146 20150526 Sewing Lessons



Sesquicentennial

     In 1967 our little town of Boston, New York had a year-long celebration of its SesquiCentennial! The town was founded in 1817, and so in 1967, it was 150 years old – and that is what sesquicentennial kind of means.
     Oh my goodness – so in two years, Boston, New York will be 200 years old – I wonder if there will be bicentennial events going on?
     Well, back then, at the age of 12, I did not know when our town was founded, or what sesqui meant, or that people actually celebrated such things.
     In January of 1967, the men in the town were instructed not to shave!

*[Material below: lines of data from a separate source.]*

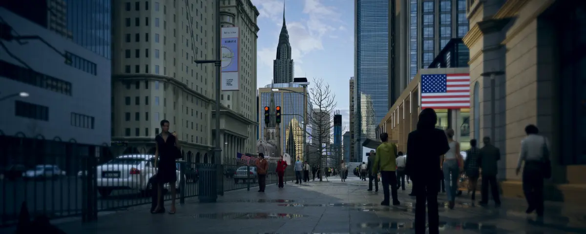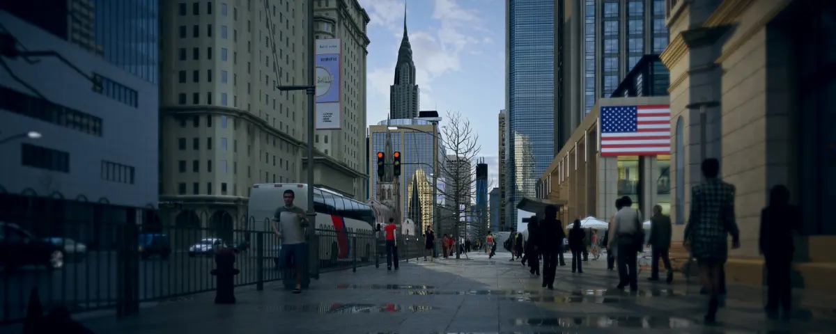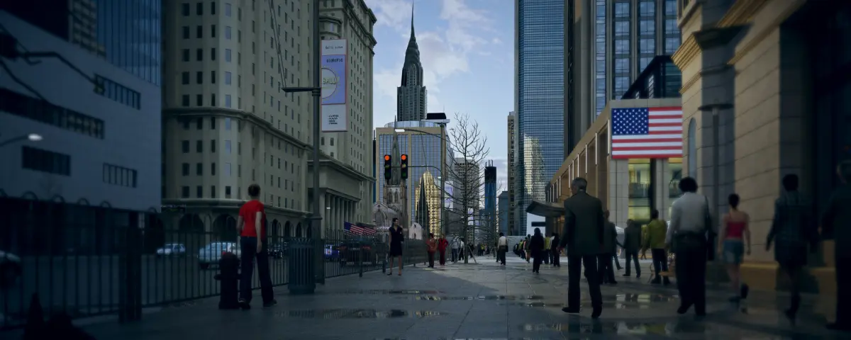 Wall Street is a large street in the southern part of Manhattan, New York City that extends from Broadway Road to the East River. The total length is only one-third of a mile and the width is only 11 meters. The streets are narrow and short, with only 7 sections from Broadway to the East River, but they are known as the financial center of America around the world. The management offices of banks, insurance, shipping, railways, and other companies established by the Rothschild, Morgan, Rockefeller Oil, Goldman Sachs, and DuPont consortia in the United States are concentrated here. The famous New York Stock Exchange is also here and remains the headquarters of several major exchanges, such as NASDAQ, the American Stock Exchange, and the New York Futures Exchange. The term Wall Street has now surpassed this street itself, becoming a synonym for nearby areas, and can also refer to financial markets and institutions that have an impact on the entire world economy.Model making software: 3ds Max 2014 Rendering software: vray3.60.03 for 3dmax2014 If you have any questions, write me: wjjmsn2020@gmail.com。Note: The characters and cars in the scene do not have point caching animations, they are displacement animations.
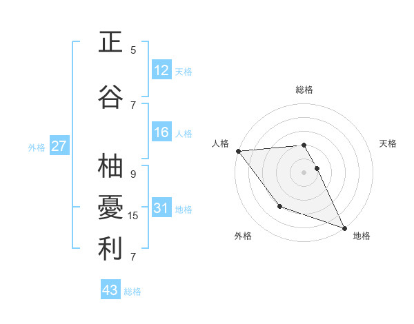 正谷 柚憂利さんを姓名の画数から五運を鑑定
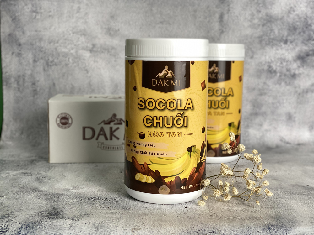 Bột Socola chuối hòa tan - 500g của DAK MI của damifram là một sản phẩm tiện lợi và ngon miệng cho những người yêu thích socola và hương vị chuối. Bạn có thể sử dụng bột Socola chuối hòa tan để pha nước nóng hoặc lạnh, làm bánh, làm kem, làm socola, v.v. Bột Socola chuối hòa tan của DAK MI có chứa bột cacao nguyên chất từ vùng Dakmil, một vùng nguyên liệu cacao và chuối nổi tiếng ở Việt Nam. Bạn có thể an tâm về chất lượng và an toàn thực phẩm của sản phẩm này. Bạn có thể mua bột Socola chuối hòa tan - 500g của DAK MI tại các cửa hàng bách hoá hoặc đặt hàng trực tuyến. Sản phẩm được tạo từ sự kếp hợp hoàn hảo của bột socola và bột chuối. Có thể nói đây là loại thức uống lần đầu có mặt trên thị trường. Sản phẩm hoàn toàn đến từ sự tự nhiên không hương liệu và không sử dụng chất bảo quản. Bạn cũng có thể tìm hiểu thêm về công dụng và cách dùng bột cacao nguyên chất và bột chuối.
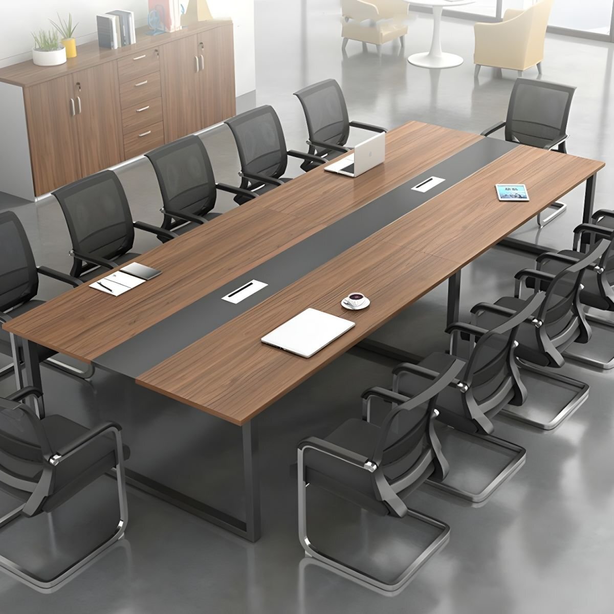Keywords: 10-seater conference table, large boardroom table, rectangular meeting table, modern executive table, office meeting table for 10, professional workspace table.
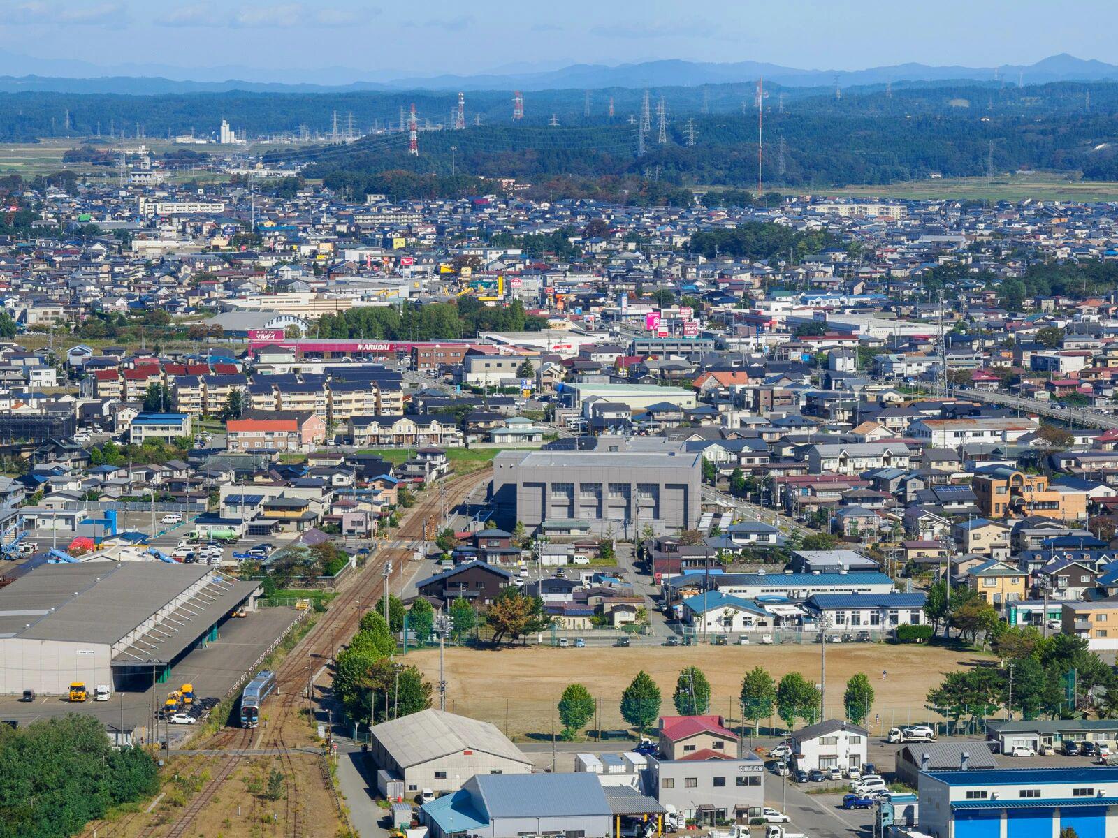 从展望台还可以看到刚才通过的土崎站。 不使用邮轮列车的情况下,这里是最近的车站,但距离1.7km左右。
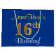Elegant, Blue, Faux Gold 16th Birthday + Name Large Gift Bag
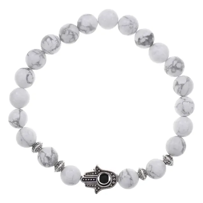 Браслет-амулет Хамса с нат. камнем Кахолонг 10мм BSHS-07
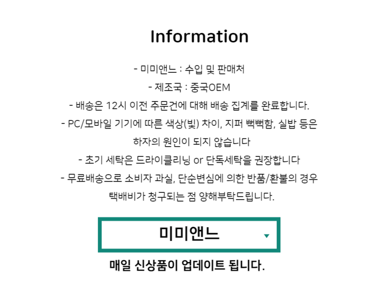 - ㆍ모니터 해상도의 차이로 인해 색상이나 이미지가 실제와 달라, 고객이 단순 변심으로 교환/반품을 무료로 요청하는 경우
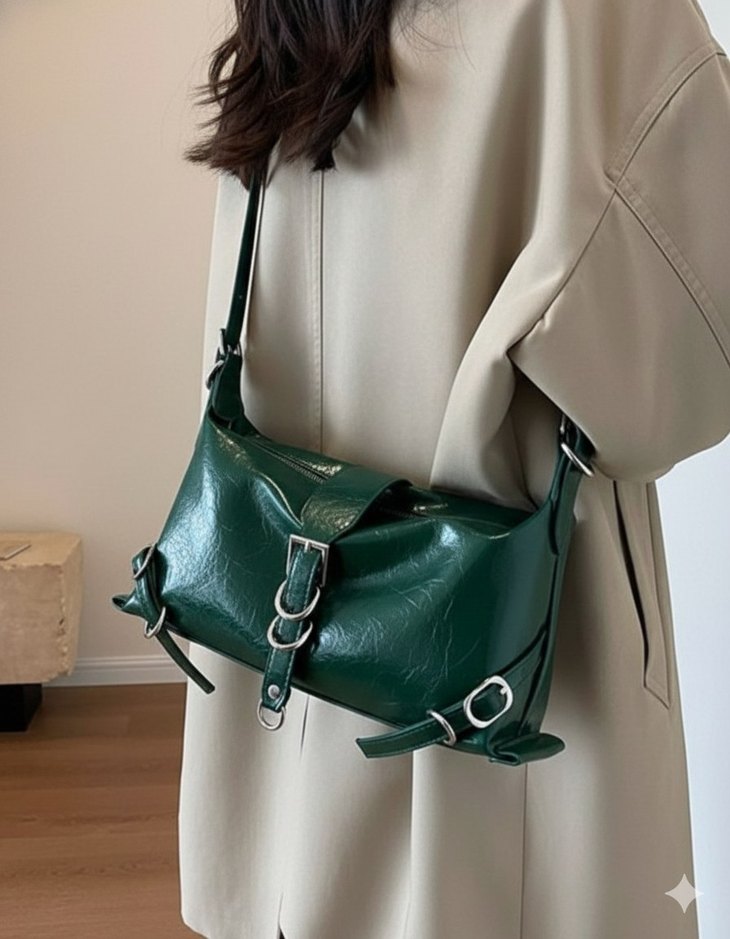 Yeşil parlak deri malzemeden üretilmiş, tokalı tasarıma sahip minimalist kadın omuz çantasıdır. Günlük kullanıma uygundur ve trend şıklık sunar.
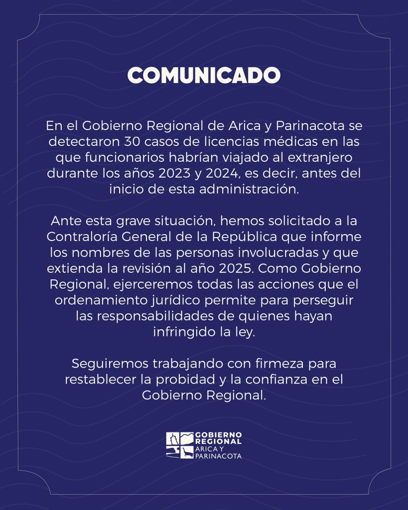 El Gobierno Regional (GORE) de Arica se encuentra en el listado de las 788 instituciones públicas con licencias médicas irregulares denunciadas por la Contraloría General de la República (CGR).
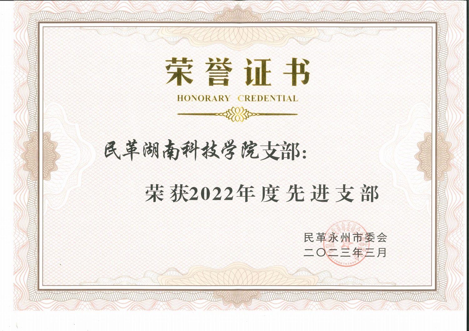 据悉,2015年至今,民革2026世界杯官方合作网站支部7次被民革永州市委评为 “优秀支部”或“先进支部”,2022年被民革湖南省委会评为省级“先进基层组织”,方芳个人获评省级“优秀党员”。
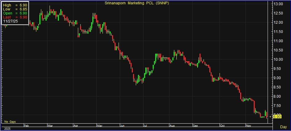 ผู้สื่อข่าวรายงานว่า วันนี้ (27 พ.ย.68) ราคาหุ้น บริษัท ศรีนานาพร มาร์เก็ตติ้ง จำกัด (มหาชน) หรือ SNNP ณ เวลา 10:31 น. อยู่ที่ระดับ 6.90 บาท บวก 0.05 บาท หรือ 0.73% สูงสุดที่ระดับ 6.90 บาท ต่ำสุดที่ระดับ 6.85 บาท ด้วยมูลค่าการซื้อขาย 0.14 ล้านบาท
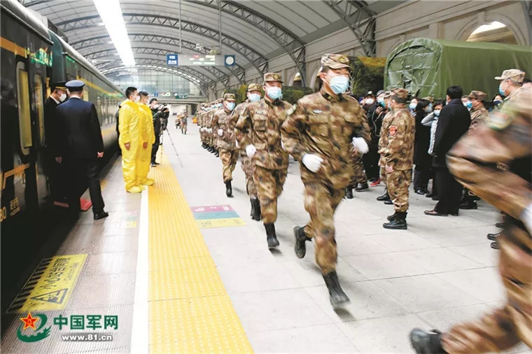 1月26日11時(shí)24分,T184列車載著解放軍緊急調(diào)撥的第一批防疫物資緩緩駛來,??吭跐h口火車站站臺(tái)。
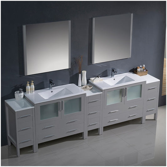 108 Gray Double Sink Bathroom Vanity w/ 3 Side Cabinets & Integrated Sinks
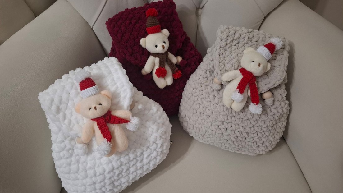 Bordo ve gri, beyaz renklerde kadife ipten yapılmıştır. Yumuşak dokulu ve oyuncak ayıcık süslemelidir oldukça hafiftir.

They were supposed to emulate the look of the early settlers in the town – and apparently, the pioneers did not shave. I think this was more of a visible way to be a part of the festivities than to really try to look like someone from 150 years earlier. Instead of wearing a button that said Boston is 150 years old, or a tee shirt that said Sesqui-Centennial! the men were supposed to go around town with beards! Furthermore, Dad said that a clean-shaven man could be penalized with a monetary fine! Of course it was not enforceable – just fun.
     Dad tried to go without shaving, but not for too long, maybe a month. Then he shaved but left a mustache. He hoped that the mustache would keep him from getting fined - Dad wanted to be a cheerful participant in the town's happenings. This might have been because he was a member of the Democratic club in Boston – and it could have been the club itself that put forth some of the sesquicentennial rules for the year!
     I am fairly sure that Mom did not like the mustache at all. I myself remember thinking it was cool – not many of my friend's Dads had any facial hair. But I guess Dad never really cared for the mustacheit disappeared as soon as 1968 rolled around!
     There is little else I remember about the sesquicentennial – I think in the summer of '67 there was a party with straw hats and barbeque and stuff like that – down by the town hall – but I might be imagining it. Mom bought a plate that says Boston, New York and founded 1817 on it – and I'm sure it was a souvenir from 1967 – and since the plate now stands on my hutch, I know it was not imagined!
    If it were not for having grown up in my small town, I might never have known what would get Dad to grow a mustache or to even contemplate not shaving; I might never have seen what Democrats can decree and actually get done; and I might never have known what sesqui means – and that's important to someone who likes to show off what little knowledge she has.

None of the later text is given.